Felsher B F, Carpio N M
Gastroenterology. 1975 Jul;69(1):42-7.
Reduction in caloric intake was associated with a greater absolute rise in the serum bilirubin concentration in patients with Gilbert's syndrome and partial hepatic bilirubin uridine diphosphate glucuronyltransferase (UDPG-T) dysfunction compared to patients with hemolytic unconjugated hyperbilirubinemia and normal subjects. Two patients with overt hemolysis but an exaggerated response to caloric deprivation had reduced UDPG-T activities comparable to Gilbert's syndrome. The UDPG-T activities in the other patients with hemolytic jaundice were normal. The combination of fasting and novobiocin in 2 normal subjects produced a greater increase in bilirubin level than either fasting or novobiocin alone. These data suggest that theunderlying UDPG-T dysfunction, rather than the prefasting level of unconjugated hyperbilirubinemia, is responsible for the diet-induced hyperbilirubinemia in Gilbert's syndrome. The diet test appears to differentiate Gilbert's syndrome from hemolytic jaundice as well as from normal subjects, irrespective of the initial serum bilirubin concentration.

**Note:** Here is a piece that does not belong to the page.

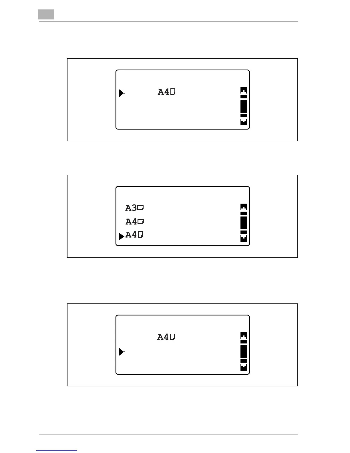 5 Press the [+] or [,] key until the appropriate paper size is selected, and

与溶血性非结合性高胆红素血症患者和正常受试者相比,热量摄入减少与吉尔伯特综合征患者及部分肝胆红素尿苷二磷酸葡萄糖醛酸基转移酶(UDPG-T)功能障碍患者血清胆红素浓度的绝对升高幅度更大有关。两名明显溶血但对热量剥夺反应过度的患者,其UDPG-T活性降低,与吉尔伯特综合征相当。其他溶血性黄疸患者的UDPG-T活性正常。在两名正常受试者中,禁食和新生霉素联合使用比单独禁食或单独使用新生霉素导致胆红素水平升高幅度更大。这些数据表明,吉尔伯特综合征中饮食诱导的高胆红素血症的原因是潜在的UDPG-T功能障碍,而非禁食前非结合性高胆红素血症的水平。饮食试验似乎可以将吉尔伯特综合征与溶血性黄疸以及正常受试者区分开来,而与初始血清胆红素浓度无关。